IMO this is mostly a question of what's the lifecycle of the info, and what's the simplest representation - seems like we should prefer stuff higher on the list if we have a choice.

What should the signature of the function be?
There doesn't seem to be any work saved here by processing all the includes as a batch - why not simplify by just making this bool isUnused(...) and let the caller/test choose what data structures to use?

159

EntryPoint is unused

166

Handle unresolved case somehow? (Or assert if you're sure it can't happen - I think it can for e.g. pp_file_not_found)

166

doesn't seem like there's any need to go through filenames for this.
Can't we just store the HeaderID in the Inclusion?
(Blech, as an unsigned to avoid a circular dependency)

168

elog says that:
a) this might happen
b) logging for the user is the best thing we can do

Can this actually happen? My suspicion is no. In which case maybe it should be an assert?

173

I'm fairly (more) certain this one should be an assert

193

assert?

196

this is get, not getOrCreate, so you don't need the mutable reference

198

I'm not totally sure whether this is safe to assert or not. WDYT?

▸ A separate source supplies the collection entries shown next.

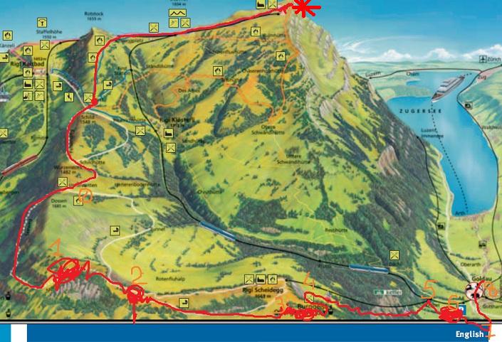 Для понимания масштаба. Дорога от точки 7 до 8 (от Lauerz до Arth-Goldau около четырёх километров)
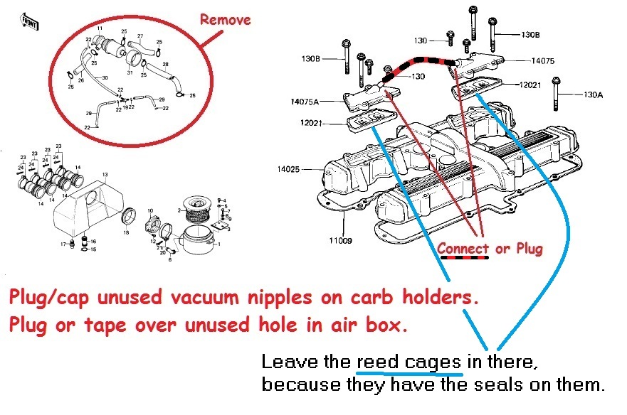 For the dog system just remove the tank, remove the smog system. The long hose can be measured and cut to fit across both front ports to connect them using the original spring clamps. Then you must plug or cap the small ports on the carb boots where the small vacuum lines were. Then tape or cover the hole in the air box. I would add pic but I can't figure out how on my ipad.
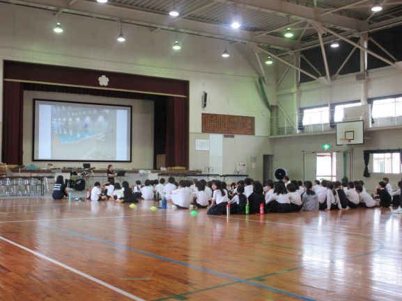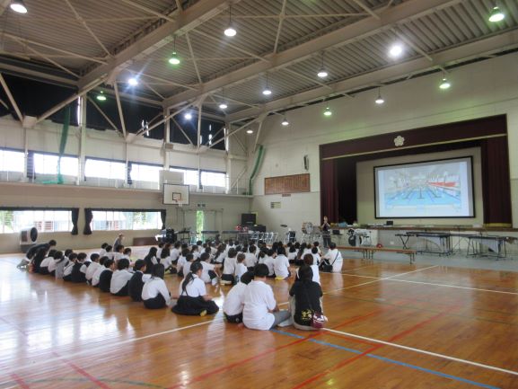 今年度の水泳学習について全校で話を聞きました。プールの様子がわかる写真を見て、子どもたちは歓声をあげていました。少しでも水に親しみ、安全に水泳の学習を楽しんでいくことができたら、と思っています。
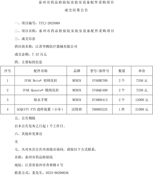 泰州市药品检验院实验室设备配件采购项目成交结果公告
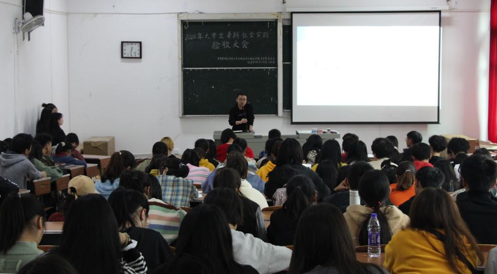 本网讯(通讯员 何燕 见习通讯员 唐欣新/文 通讯员 黄淑婷 见习通讯员 宋逍林/图) 10月16日中午,我院在4202教室举办2020年大学生暑期社会实践验收大会。我院团总支书记陈杰出席并担任本次验收大会的评委。团总支社工部副部长龙芳担任会议主持人,近120名学生参加本次大会。
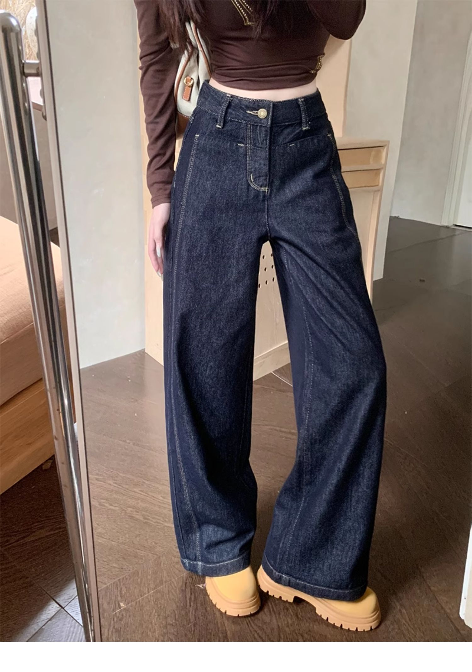 플러스 사이즈 레트로 아메리칸 청바지 여성의 봄과 가을 2025 새로운 통통녀 느슨한 높은 허리 슬리밍 스트레이트 레그 와이드 레그 팬츠스토어 가기
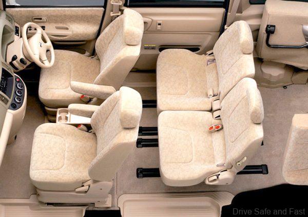 This 2.0L engine was good for 145 horsepower and 179 Nm of torque working with a 4-speed CVT. From the showroom it came with 15-inch alloy wheels with wide 195 tires, a cabin foldable TV mounted between the front seats (on the roof, parking sensors and a steering column gear-shifter (this frees up space between the driver and front passenger)
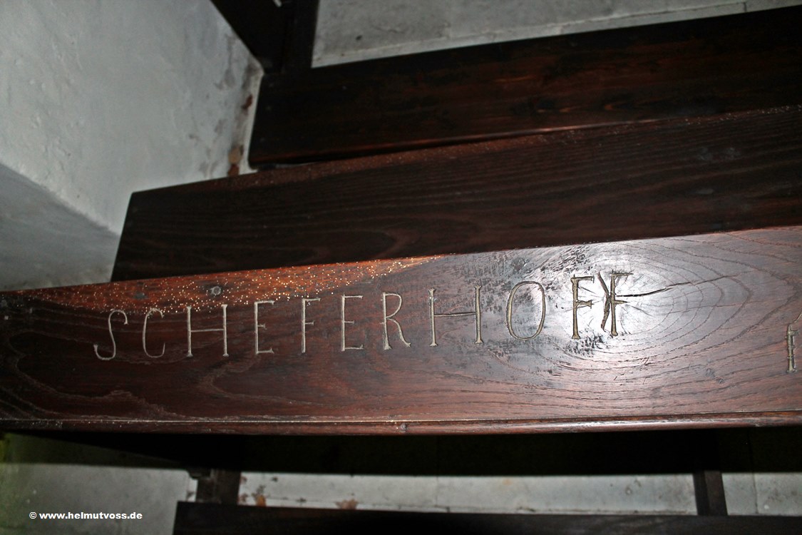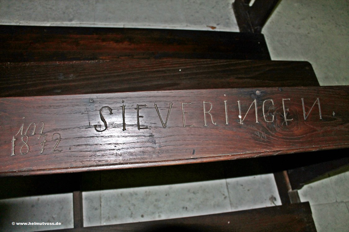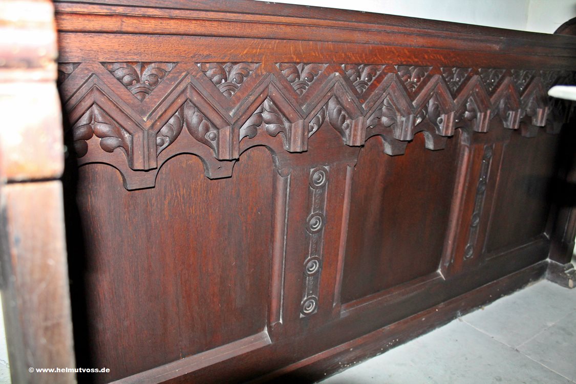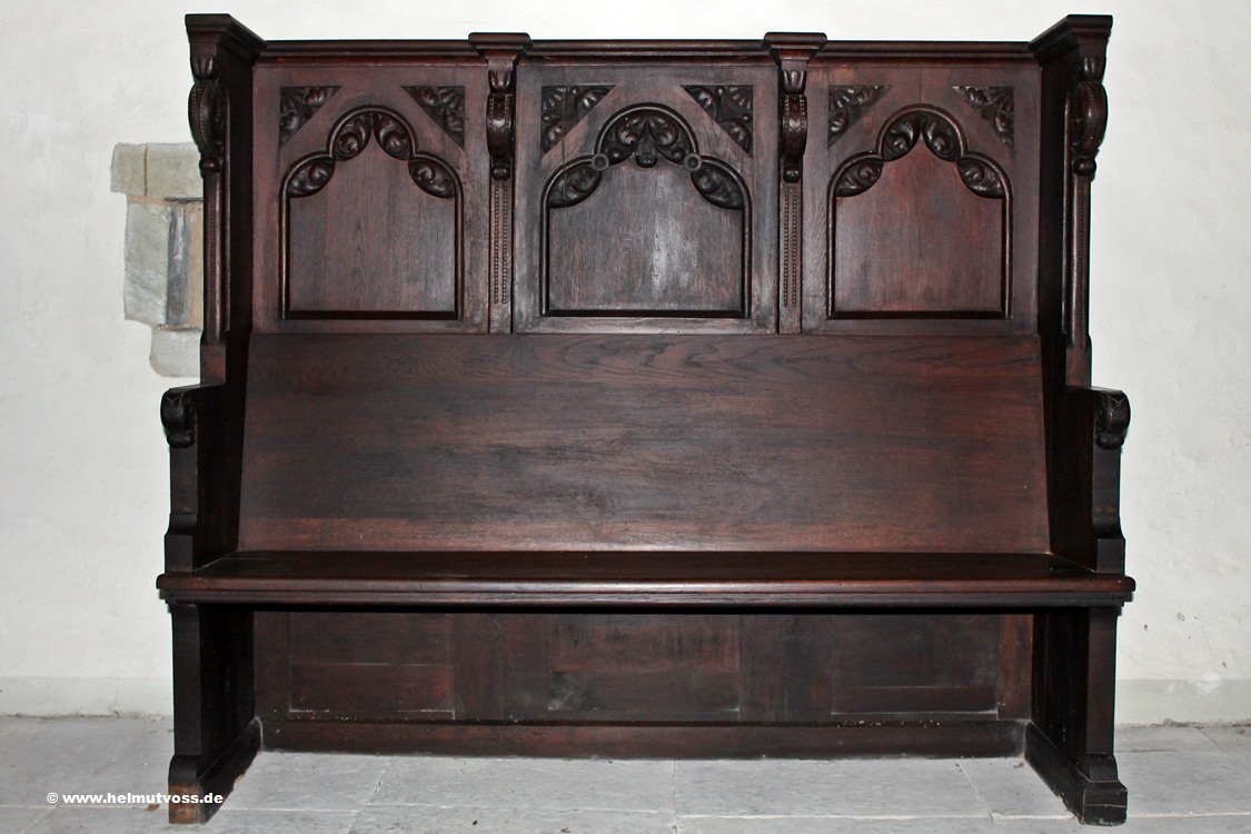 Hier neben dem Altar eine Antike alte Kirchenbank, eine Gebetsbank mit Schnitzereien aus Eiche. Die Kapellenbänke stammen aus der Zeit um 1860.

In any case, please fix the message (FE -> HeaderID, add more context)

sammccall added inline comments.Oct 5 2021, 6:11 AM
clang-tools-extra/clangd/IncludeCleaner.cpp
158

OK I was confused, nothing is getting stored, but ParsedAST::getUnused() function creates/destroys the analysis data so it needs to run as a batch.

I think probably:

  • *this* function should just be a simple bool isUnused(...) and the loop lives in the caller
  • ParsedAST::getUnused() should become getUnused(const ParsedAST&) and live in this file

We have some circularity between ParsedAST and IncludeCleaner, but I think we're going to have that in any case due to findReferencedLocations()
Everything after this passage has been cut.